Лядащев вдруг почувствовал, как напряглось все внутри, желудок словно колом встал.
— Где его арестовали? На мызе?
— При чем здесь мыза? Когда там пальба шла, Белова и взяли в собственном доме… по подозрению в убийстве, и еще за ним вины числятся, — Дементий Палыч вдруг перешел на шепот: — Уже высказаны предположения, что нападение осуществлено прусскими шпионами. Какова наглость, а?
— Шпионами, говоришь? Это ты хорошо придумал, — бросил Лядащев и стал суетливо собираться: сложил документы, сдвинул их на край стола, снял со спинки стула камзол, с трудом попадая в рукава, облачился в него и, наконец, сунул в карман изрисованный лист, словно геометрические фигуры и болотные листья могли разгласить тайну его размышлений.
Напоследок он как бы между прочим спросил:
— Ты давеча обмолвился, что хотел Оленева перевести в крепость. Мол, опасно стало на мызе, потому что солдат предупреждали о нападении. Это кто ж такой заботливый? Не из лестокова ли дома сей господин?
— Отнюдь нет, — с готовностью отозвался хозяин. — Сей господин — граф Антон Алексеевич Бестужев, сынок канцлера. Ему в некотором роде эта мыза принадлежит.
— Вот так, да? — задумчиво проговорил Лядащев. — А не расспрашивал ли ты Бестужева-младшего, откуда он получил подобные сведения?
Дементию Палычу явно не понравился этот вопрос.
— Может, предчувствия? — спросил он нерешительно, словно предлагая собеседнику согласиться на столь чуждый сыскному делу термин.
— Что-то многовато предчувствий… — буркнул Лядащев и, не прощаясь, вышел.

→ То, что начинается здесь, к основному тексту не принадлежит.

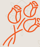
Centrepieces with roses design with mirror and tea lights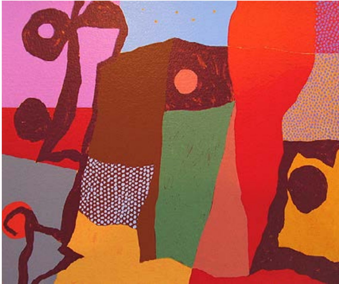
Clyde Hopkins After Gorky's Dustbin 1 2006 Screenprint Edition size: 35 Image size: 30 x 36cm Paper size: 46.5 x 51.5cm Unframed price: £660 Framed print in exhibition: £1,000

Когда он подошел к дому Беловых, было около десяти часов вечера, не такое уж позднее время, однако все окна были темны, и только на втором этаже трепыхал огонек, похоже, лампады. Он приготовился долго дергать за веревку колокольчика, но к его удивлению дверь сразу отворилась. На пороге стоял тот же нахмуренный лакей со свечой в руке. Не говоря ни слова, он отступил внутрь сеней, приглашая гостя войти.
В доме стояла плотная, неживая тишина, и только эхо отзвучавшего колокольчика стояло в ушах, словно тревожный набат. Чьи-то босые ноги прошлепали в отдалении, и опять все — стихло.
— Беда у нас, — сказал лакей.
— Знаю. Я хотел бы видеть Анастасию Павловну. Проводи меня в кабинет. Да запали свечи, ненавижу сидеть в темноте.
На лестнице, всего-то десять ступенек, лакей успел поведать о многом: арестовывали четверо, барин держался молодцом, барыня не плакали и сейчас не плачут — молятся, на вид невозмутимы, но по сути дела очень плохи.
Удивительно, как меняется облик комнат с исчезновением хозяина. Если он ушел ненадолго, то кажется: мебель, шторы, шандалы, каминные щипцы и прочее его просто ждут, но если с хозяином приключилось несчастье, вещи словно умирают. Их сразу покрывает паутина отчаяния, ненужности. Лист бумаги на столе — он уже мертв, словно знает, что на нем никогда ничего не напишут, брошенная на канапе перчатка еще хранит воспоминание сжатой в кулак руки хозяина, но каждому ясно — она отслужила свое, все эти стулья растащут и обобьют другой тканью, а стоящая на краю полки ваза уже сейчас готова к самоубийству, вот-вот грохнется вниз и превратится в груду черепков. И только книги имеют вид безучастный. У них нет хозяев, они принадлежат всем и никому, и даже если временный их обладатель тщеславно украсил переплет своим экслибрисом, это напрасные потуги, книги переживут его, как бы не был долог его земной путь.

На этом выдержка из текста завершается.